20 Among the various functions of a trade mark, that function as an indication of origin is an essential one (see, inter alia, Joined Cases C‑236/08 to C‑238/08 Google France and Google [2010] ECR I‑2417, paragraph 77, and Case C‑482/09 Budějovický Budvar [2011] ECR I‑8701, paragraph 71). It serves to identify the goods or services covered by the mark as originating from a particular undertaking, and thus to distinguish those goods or services from those of other undertakings (see, to that effect, Case C‑12/12 Colloseum Holding [2013] ECR, paragraph 26 and the case-law cited). That undertaking is, as the Advocate General stated at point 27 of his Opinion, that under the control of which the goods or services are marketed.
[… 22] […]
Article 12(2)(a) of the directive relates to the situation where the trade mark has become the common name and has therefore lost its distinctive character, with the result that it no longer fulfils that function (see, to that effect, Björnekulla Fruktindustrier, paragraph 22). The rights conferred on the proprietor of that mark under Article 5 of Directive 2008/95 may then be revoked (see, to that effect, Case C‑145/05 Levi Strauss [2006] ECR I‑3703, paragraph 33).

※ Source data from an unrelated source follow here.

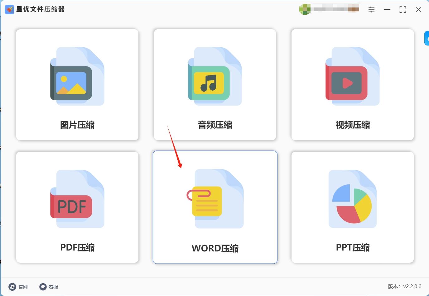 第一步,在开始之前,确保你已经成功安装了【星优文件压缩器】软件。安装完成后,双击启动软件。打开后,点击主界面的【Word压缩】选项,进入专门的Word文档压缩模块。除了Word压缩,软件还提供了其他文件格式的压缩功能,大家可以根据需求自由尝试。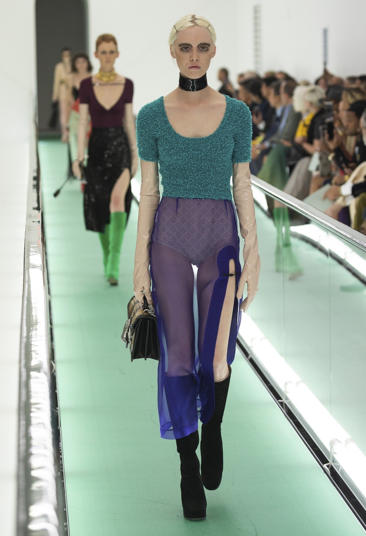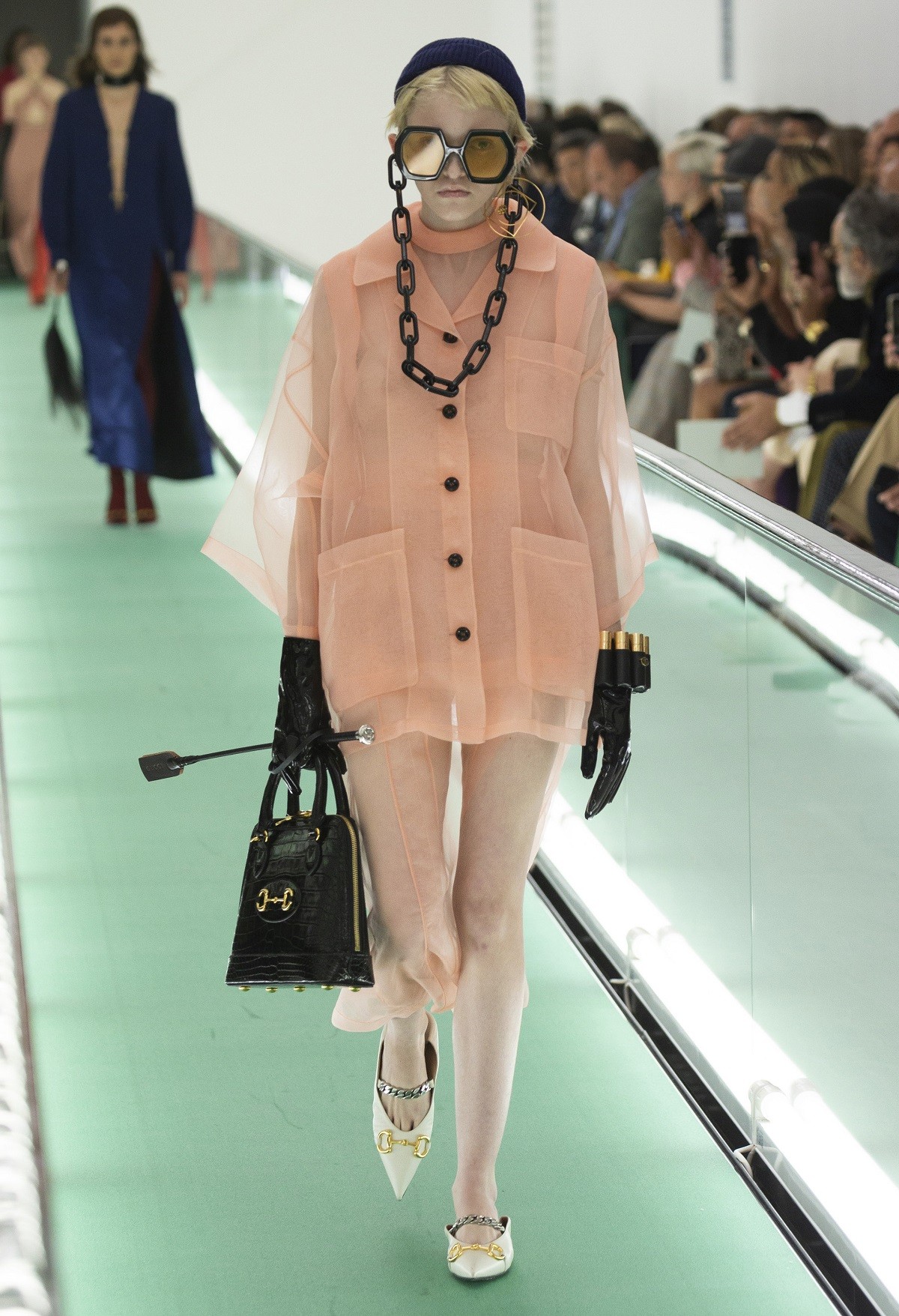 Το σόου Gucci για την Άνοιξη του 2020 πραγματοποιήθηκε σε μια εντελώς λευκή αίθουσα με έναν κυλιόμενο διάδρομο αντί του παραδοσιακού και ξεκίνησε με το ντεμπούτο 60 λευκών εμφανίσεων οι οποίες αντιπροσώπευαν σύμφωνα με τον ίδιο τον οίκο το “πώς μέσω της μόδας, ασκείται δύναμη στη ζωή για να εξαλειφθεί η αυτο-έκφραση”.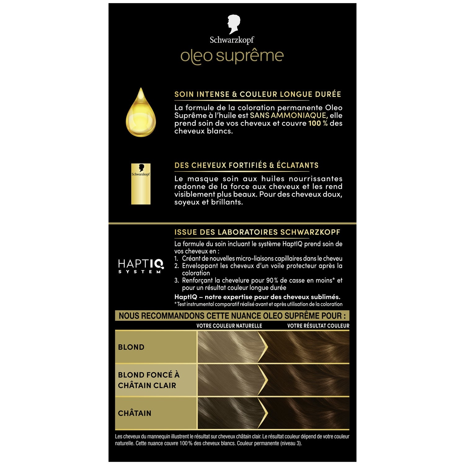 INTENSE CARE & LONG-LASTING COLOR The Oleo Suprême permanent oil coloring formula is AMMONIA-FREE, it cares for your hair and covers 100% of gray hair. STRENGTHENED & RADIANT HAIR The treatment mask with nourishing oils restores strength to the hair and makes it visibly more beautiful. For soft, silky and shiny hair.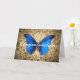 Cartão Borboleta azul damasco Parabéns Arte vintage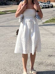 Nothing to elaborate on. An OK summer white dress. Stretchy on the bust. Nice tea length with pretty details on the bottom. Didn't love, didn't hate, just OK.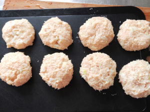 ![]() 4:それぞれ丸めてから平たく成形しましょう。 |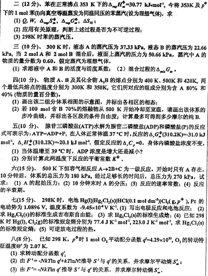 2. 全国名校物理化学考研真题汇总(含部分答案)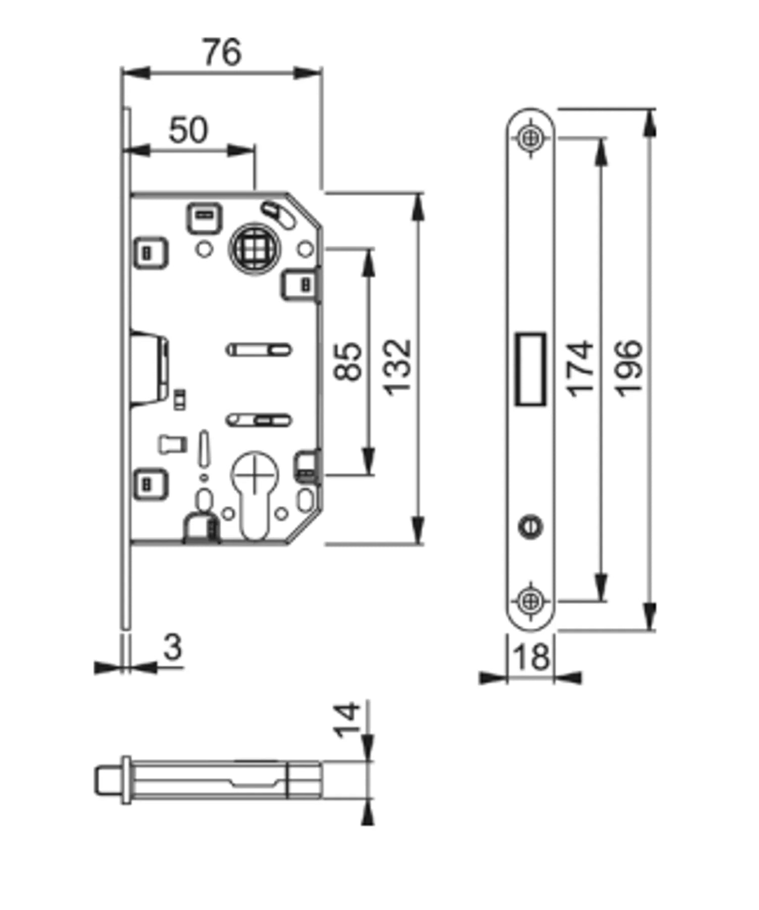 Måttskiss magnetlås AR3310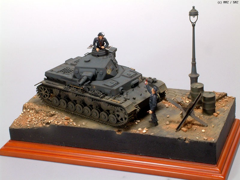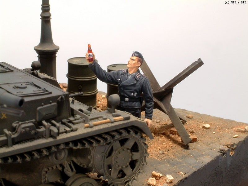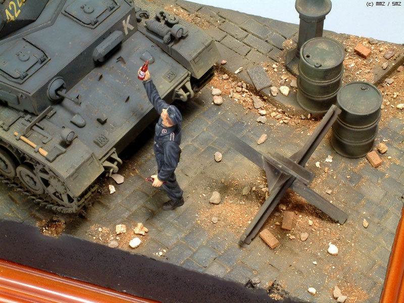 드럼통, 가로등은 타미야 제품을...바리케이트는 이타렐리의 것을 사용했습니다.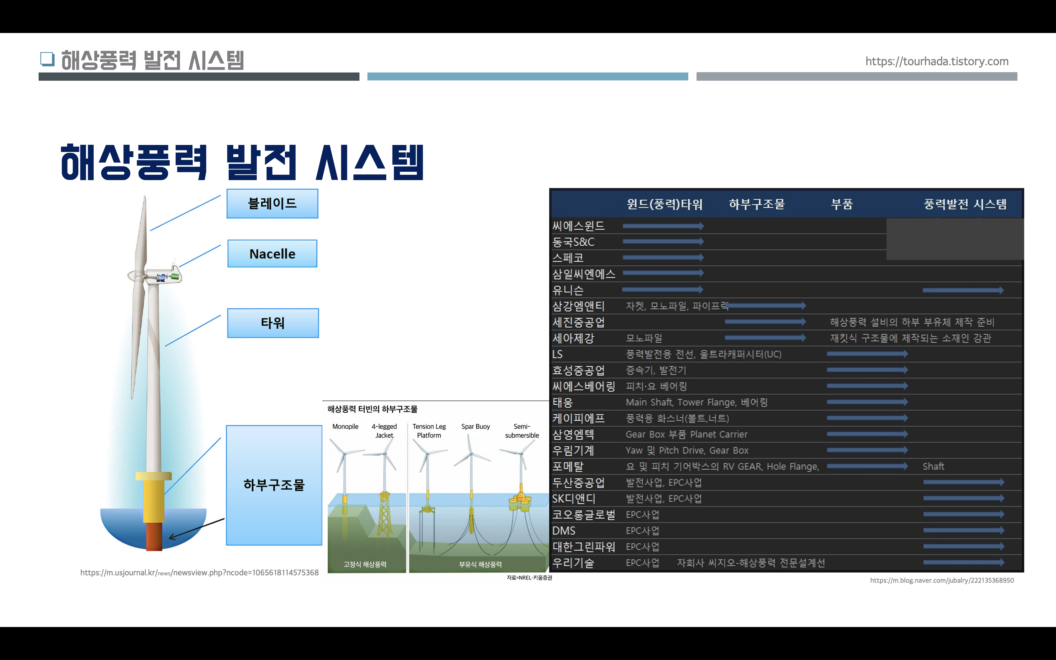 해상풍력 구조물과 관련기업들(자료: 울산저널)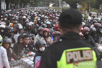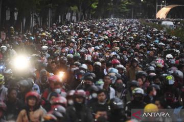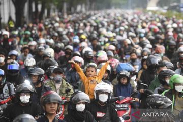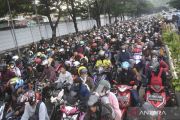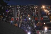 Pemudik bersepeda motor antre untuk memasuki Pelabuhan Merak di Banten, Sabtu (30/4/2022). Pelabuhan Merak dipadati puluhan ribu pemudik berkendaraan roda dua. ANTARA FOTO/Akbar Nugroho Gumay/wsj.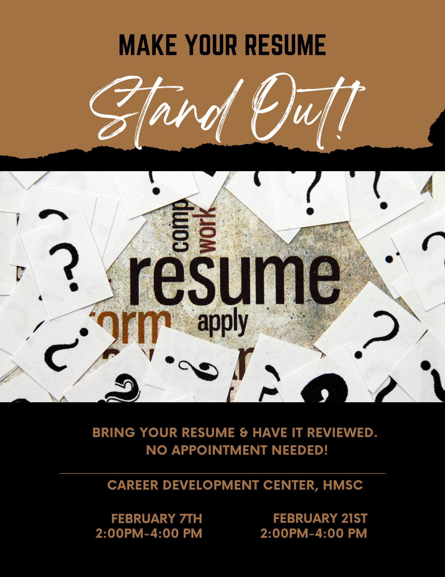 Bring your resume and have it reviewed. Make changes on the spot. No appointment needed!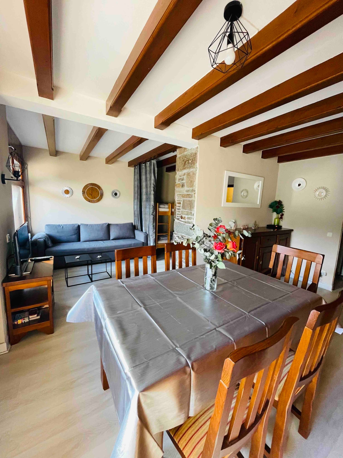 Proche des Pyrénées au cœur d’un village paisible, corps de ferme entièrement rénové associant charme de l’ancien et modernité. Maison attenante à une partie indépendante que nous habitons. grand séjour de 75 m² avec cuisine équipée et terrasse couverte avec plancha. Au rez-de-chaussée 3 chambres avec dressing et TV au plafond. Salle de bain avec douche italienne et baignoire balneo . Sèche-linge, lave linge et frigo. Terrasse extérieure avec jacuzzi!! Piscine avec 2 bassins!! FIBRE HAUT DEBIT
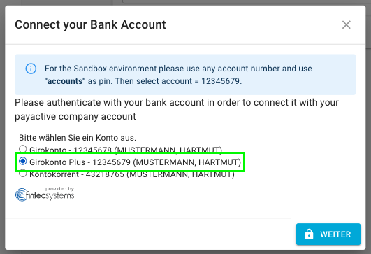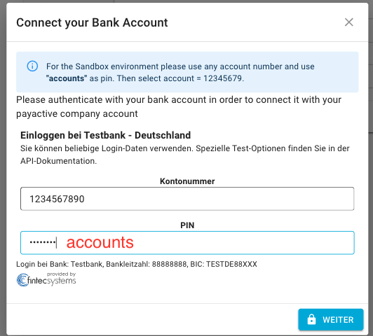 Click on "Weiter". After the validation the account should be visible. In this case you will see the test credentials from the bank account.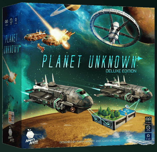 Our planet has run out of resources, and we are forced to move. We have discovered a series of planets and sent our rovers to test their environment with the hope of colonization. Our rovers have confirmed 1-6 viable colonization options. Planet Unknown is a competitive game for 1-6 players in which players attempt to develop the best planet. Each round, each player places one polyomino-shaped, dual-resource tile on their planet. Each resource represents the infrastructure needed to support life on the planet. Every tile placement is important to cover your planet efficiently and also to build up your planet's engine. After placing the tile, players do two actions associated with the two infrastructure types on the tile. Some tile placements trigger "meteors" that make all planets harder to develop and prevent them from scoring points in the meteor's row and column. Planet Unknown innovates on the popular polyomino trend by allowing simultaneous, yet strategic turn-based play via the Lazy S.U.S.A.N. space station in the center of the table. —description from the publisher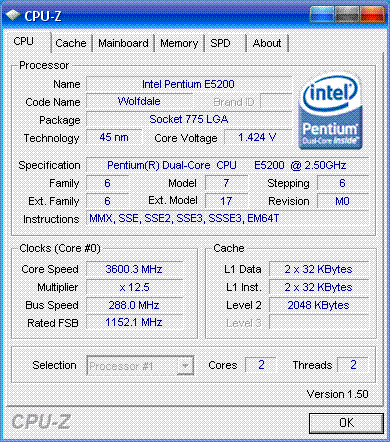 Результат разгона Intel Pentium Dual-Core (Wolfdale-2M)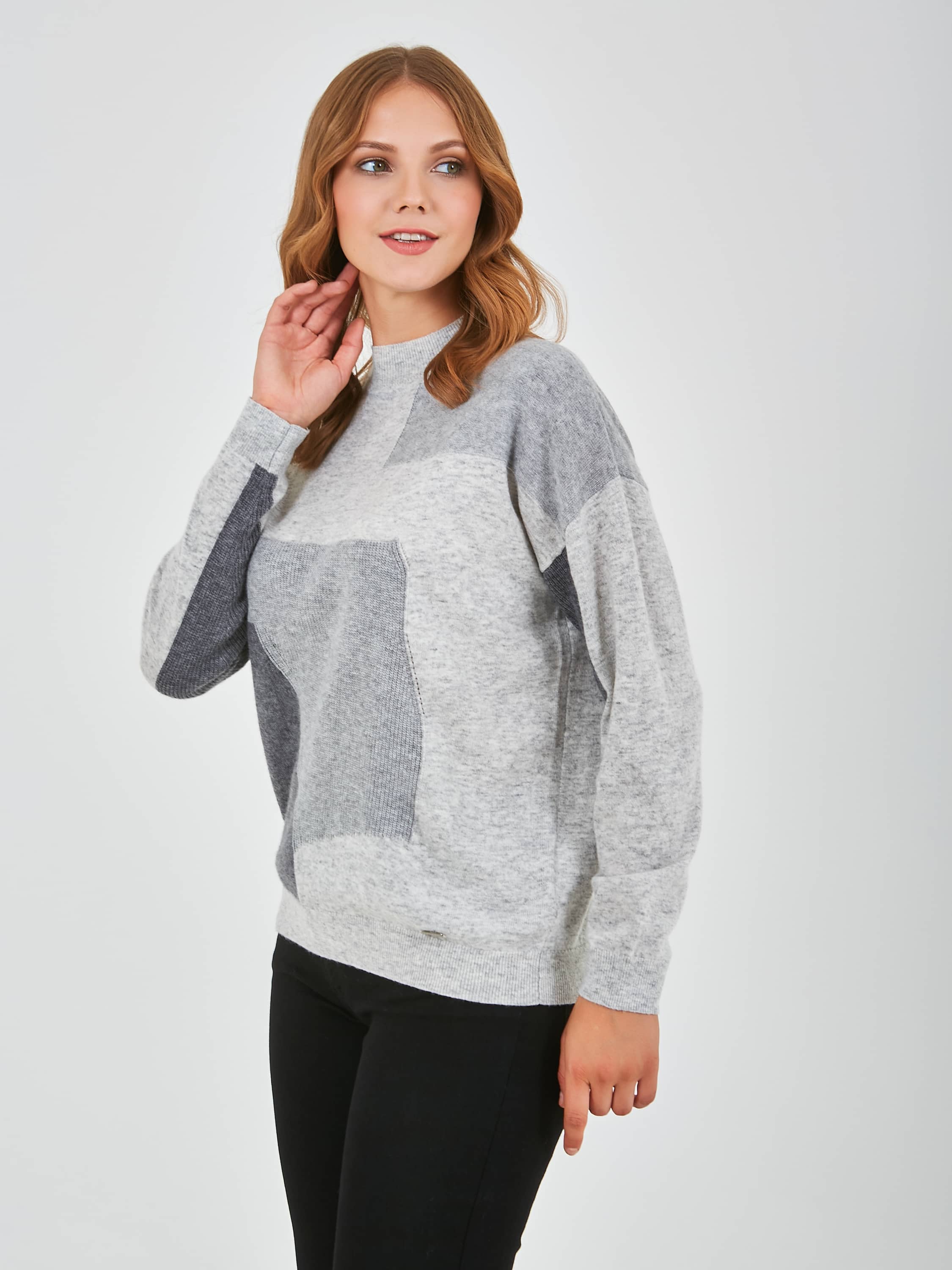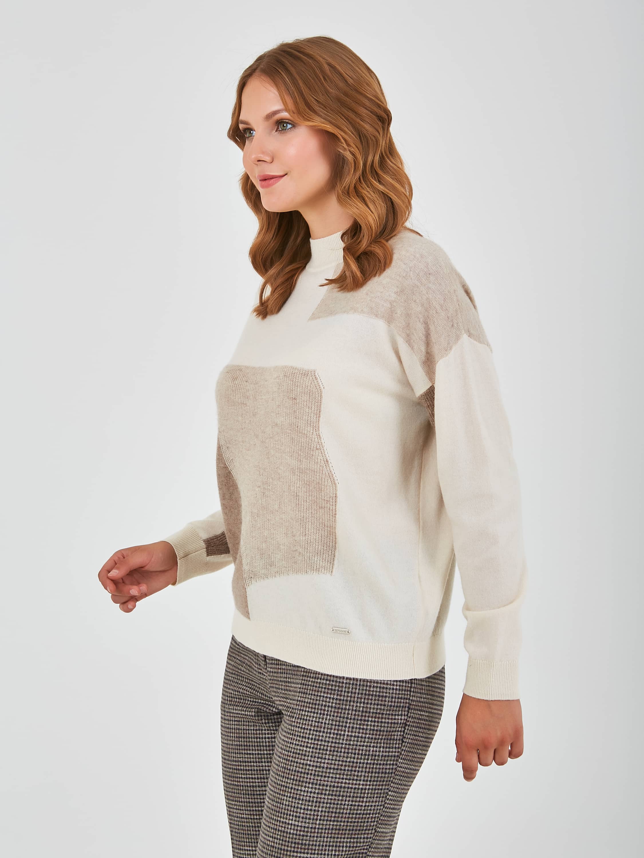 Джемпер средней длины прямого силуэта из мягкой шерсти с добавлением полиэстера и нейлона, дизайнерская особенность модели – геометрический рисунок и перфорированный трикотаж. Перед и спинка по низу обработаны манжетой. Длинные втачные рукава со спущенной линией плеча и манжетами. Воротник стойка.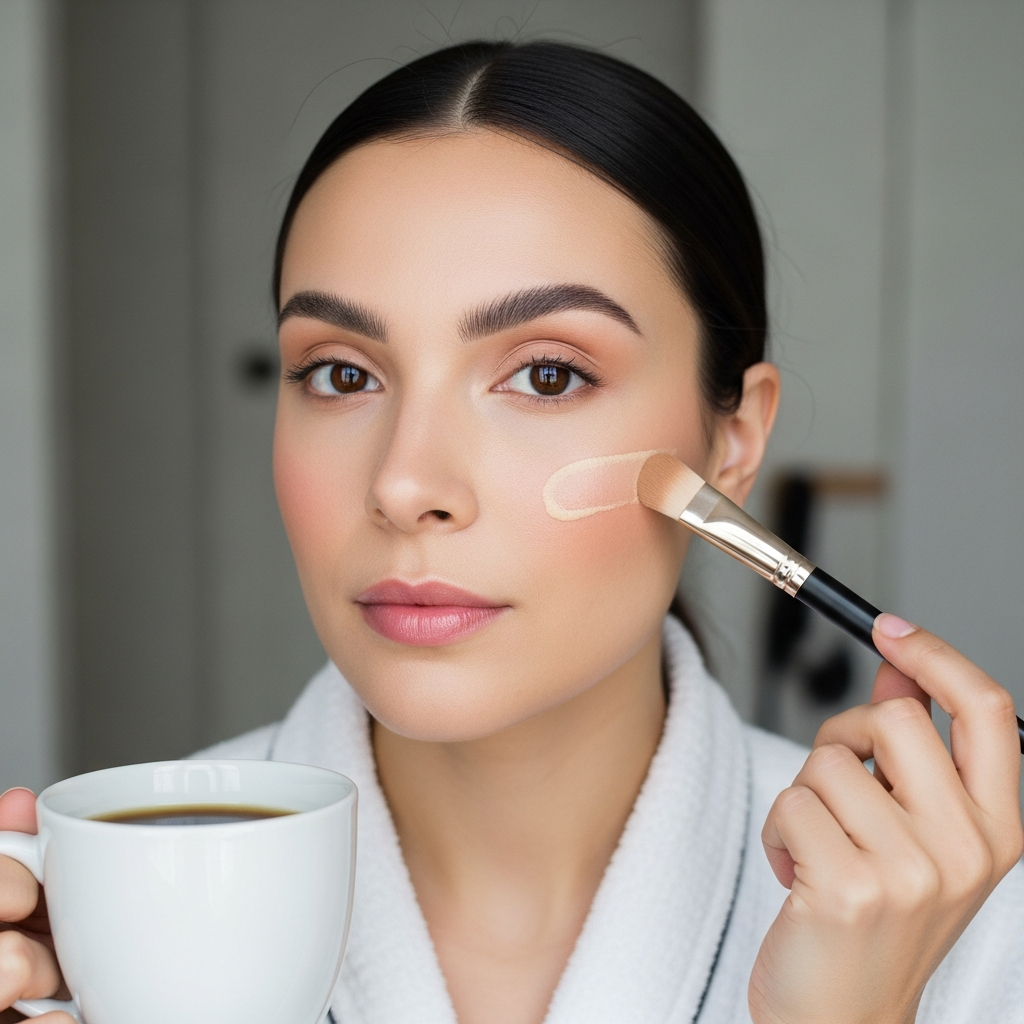 リップは迷った。ベージュにしようか、それとも少し赤みのあるローズにしようか。コーヒーカップを持ちながらしばらく考えて、結局ローズを選んだ——そのとき、うっかりカップを傾けすぎてテーブルにコーヒーが一滴落ちた。鏡の中の自分と目が合って、なんとなく笑ってしまった。リラックスしすぎたかもしれない。

23 In the case described by the referring court
[...] the end users of the  [...]
bread rolls known as ‘KORNSPITZ’, perceive that word sign as the common name for that product and are not, therefore, aware of the fact that some of those bread rolls have been made using a baking mix supplied under the trade mark KORNSPITZ by a particular undertaking.

24 
[...]
that perception on the part of end users is due, in particular, to the fact that the sellers of the bread rolls made using that mix do not generally inform their customers that the sign ‘KORNSPITZ’ has been registered as a trade mark.

25
[...]
the sellers of that finished product do not generally, at the time of sale, offer their customers assistance which includes an indication of the origin of the various goods for sale.

26 Clearly
[...] the trade mark KORNSPITZ does not, in the trade in respect of the bread rolls known as ‘KORNSPITZ’, fulfil its essential function as an indication of origin and, consequently, it is liable to revocation in so far as it is registered for that finished product if the loss of its distinctive character in respect of that product is attributable to acts or inactivity of the proprietor of that trade mark (C-409/12 at paras 19-26, emphasis added).
 
The CJEU then goes on to assess whether the loss of distinctive character is attributable to the owner of the brand and finds that an insufficient insistence on the use of the term 'kornspitz' as a trade mark by bakers and foodstuffs distributors would be sufficient to trigger the revocation of the trade mark (paras 31-36). Indeed, the CJEU cleary stressed that
in a case [...] in which the sellers of the product made using the material supplied by the proprietor of the trade mark do not generally inform their customers that the sign used to designate the product in question has been registered as a trade mark and thus contribute to the transformation of that trade mark into the common name, that proprietor’s failure to take any initiative which may encourage those sellers to make more use of that mark may be classified as inactivity within the meaning of Article 12(2)(a) of Directive 2008/95 (C-409/12 at para 34, emphasis added).
Therefore, the standards of 'duty of care' or 'vigilance' applicable to trade mark owners are high and they will always be required to take (appropriate) positive steps to protect the distinctive character of the signs that they use to brand their products [for a law and economics discussion on the requirement of distinctiveness and the ensuing 'trade mark policying' obligations imposed on their owners, see Landes & Posner, 'Trademark Law: An Economic Perspective' (1987) 30 J.L. & Econ. 265, 287-288].